_THE PROBLEM:_
Copy the lines below exactly, starting at the one with "来源:JRS直播网06-06" and ending at the one with "정안뉴스 안정주 기자", and leave out any picture.

DATA FOR THIS EXERCISE Block Start

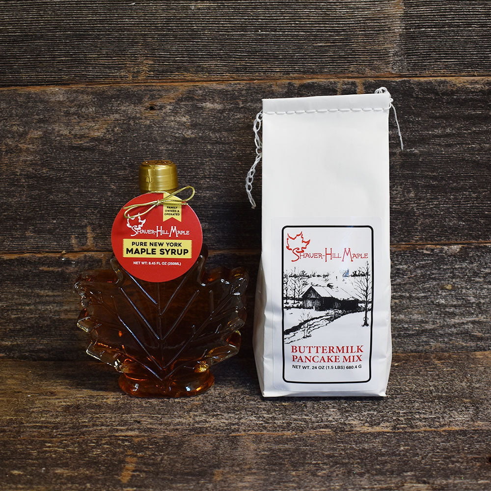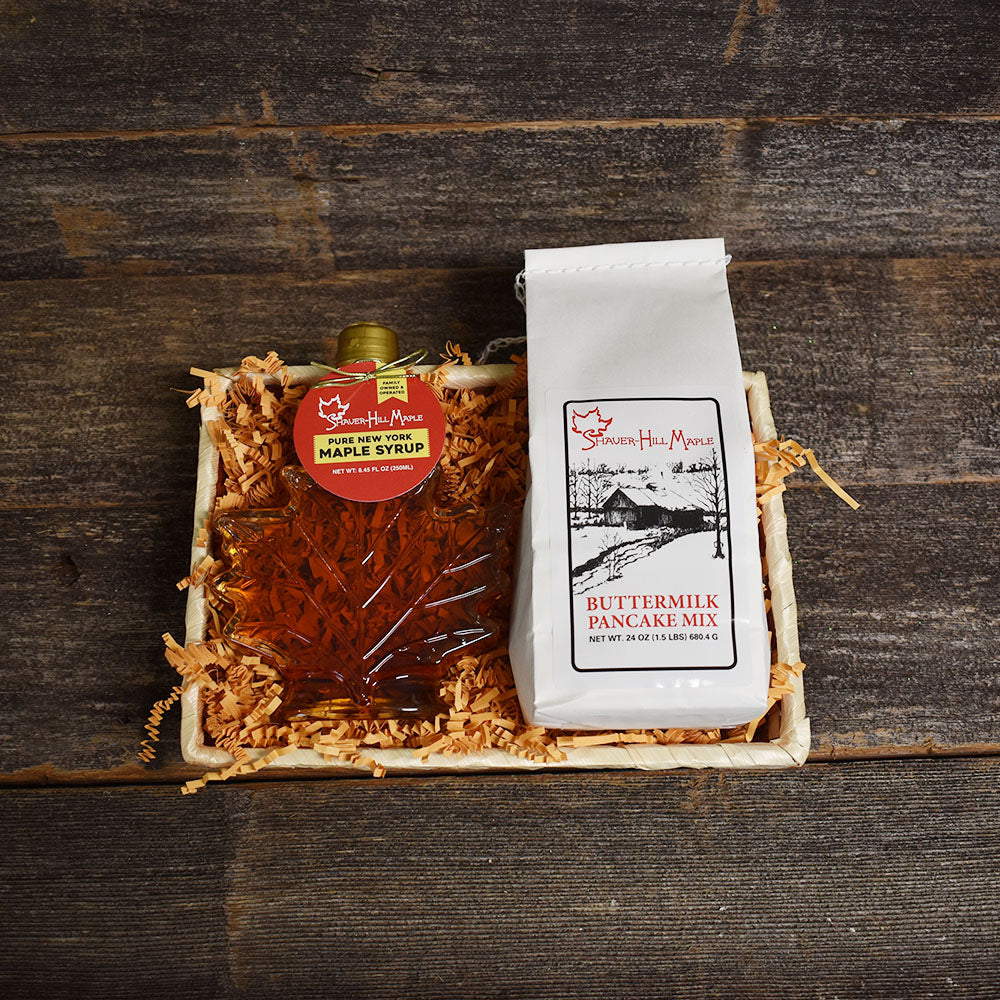 A charming breakfast classic, beautifully presented. Drizzle our pure New York maple syrup from the iconic glass maple leaf bottle over hot, fluffy pancakes made with our buttermilk mix. Simple, elevated, and always appreciated—an easy win for client gifts, team appreciation, or anyone who loves a maple-laced morning.
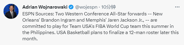 来源:JRS直播网06-06 10:40JRS直播网06月06日,据ESPN名记woj报道,英格拉姆和小贾伦-杰克逊承诺为美国队出战今夏的男篮世界杯,到目前位置,美国男篮12人名单已经确定8席,美国队将在本月晚些时候正式公布12人大名单。
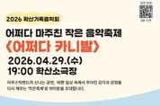 정안뉴스 안정주 기자 | 인천 미추홀구 학산 생활 문화센터 학산소극장에서 오는 4월 29일 저녁 7시 ‘2026년 학산 가족 음악회’의 첫 번째 공연을 개최한다. ‘학산 가족 음악회’는 공모를 통해 선정된 다양한 공연을 선보이며, 시민들이 일상에서 부담 없이 공연 문화를 즐길 수 있도록 마련된 프로그램이다. 특히 가까운 공간에서 편안하게 관람할 수 있어 가족 단위 관객을 비롯해 누구나 함께할 수 있는 것이 특징이다. 올해 첫 무대는 어쿠스틱 밴드 ‘신나는 섬’의 공연 ‘어쩌다 마주친 작은 음악 축제 '어쩌다 카니발'’로 꾸며진다. ‘신나는 섬’은 바이올린, 아코디언, 집시 기타, 우쿨렐레, 하모니카, 더블베이스, 퍼커션 등 다양한 어쿠스틱 악기를 기반으로 활동하며, 경쾌하면서도 따뜻한 사운드로 관객과 호흡해 온 팀이다. 특히 ‘망원동 로마니’, ‘아침부터 카니발이야’ 등 밴드 고유의 색깔이 담긴 곡들과 함께 ‘리멤버 미’, ‘에델바이스’ 등 대중에게 친숙한 곡들을 연주해, 마치 유럽의 어느 골목에서 우연히 마주친 거리 축제와 같은 이국적이고 동화적인 감동을 선사할 계획이다.
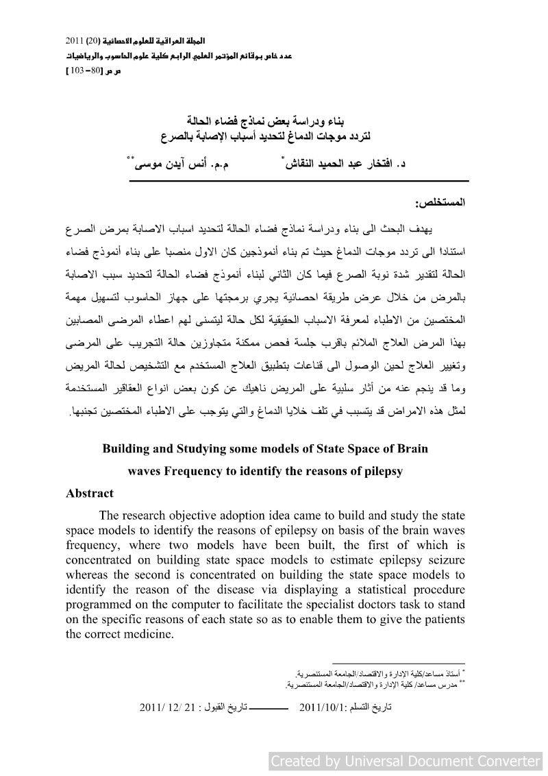 $aبناء ودراسة بعض نماذج فضاء الحالة لتردد موجات الدماغ لتحديد أسباب الإصابة بالصرع = $bBuilding and Studying some models of State Space of Brain waves Frequency to identify the reasons of pilepsy / $cد. افتخار عبد الحميد النقاش، م.م. أنس آيدن موسى.
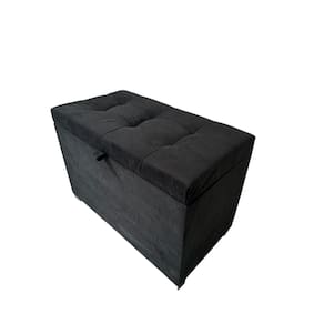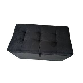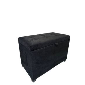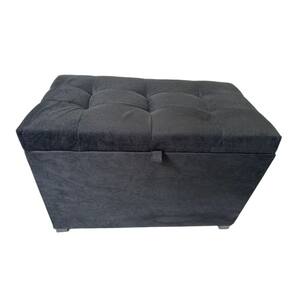 Puff Baú Estofado Em Suede 68 Cm Para Sala, Quarto Em Mdf - Preto
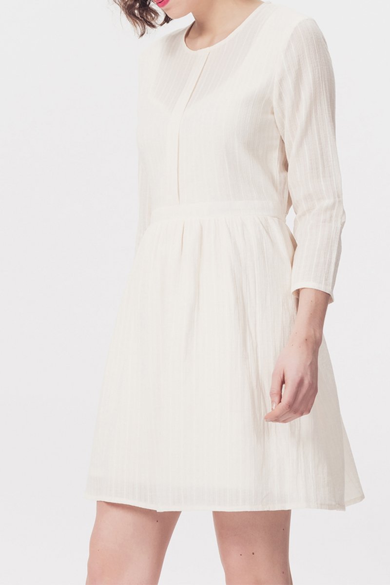 Klepsluiting aan de voorkant en druppelvormige uitsnijding met knoop aan de achterkant.

DATA FOR THIS EXERCISE Block End

_RESPONSE:_
 来源:JRS直播网06-06 10:40JRS直播网06月06日,据ESPN名记woj报道,英格拉姆和小贾伦-杰克逊承诺为美国队出战今夏的男篮世界杯,到目前位置,美国男篮12人名单已经确定8席,美国队将在本月晚些时候正式公布12人大名单。
 정안뉴스 안정주 기자 | 인천 미추홀구 학산 생활 문화센터 학산소극장에서 오는 4월 29일 저녁 7시 ‘2026년 학산 가족 음악회’의 첫 번째 공연을 개최한다. ‘학산 가족 음악회’는 공모를 통해 선정된 다양한 공연을 선보이며, 시민들이 일상에서 부담 없이 공연 문화를 즐길 수 있도록 마련된 프로그램이다. 특히 가까운 공간에서 편안하게 관람할 수 있어 가족 단위 관객을 비롯해 누구나 함께할 수 있는 것이 특징이다. 올해 첫 무대는 어쿠스틱 밴드 ‘신나는 섬’의 공연 ‘어쩌다 마주친 작은 음악 축제 '어쩌다 카니발'’로 꾸며진다. ‘신나는 섬’은 바이올린, 아코디언, 집시 기타, 우쿨렐레, 하모니카, 더블베이스, 퍼커션 등 다양한 어쿠스틱 악기를 기반으로 활동하며, 경쾌하면서도 따뜻한 사운드로 관객과 호흡해 온 팀이다. 특히 ‘망원동 로마니’, ‘아침부터 카니발이야’ 등 밴드 고유의 색깔이 담긴 곡들과 함께 ‘리멤버 미’, ‘에델바이스’ 등 대중에게 친숙한 곡들을 연주해, 마치 유럽의 어느 골목에서 우연히 마주친 거리 축제와 같은 이국적이고 동화적인 감동을 선사할 계획이다.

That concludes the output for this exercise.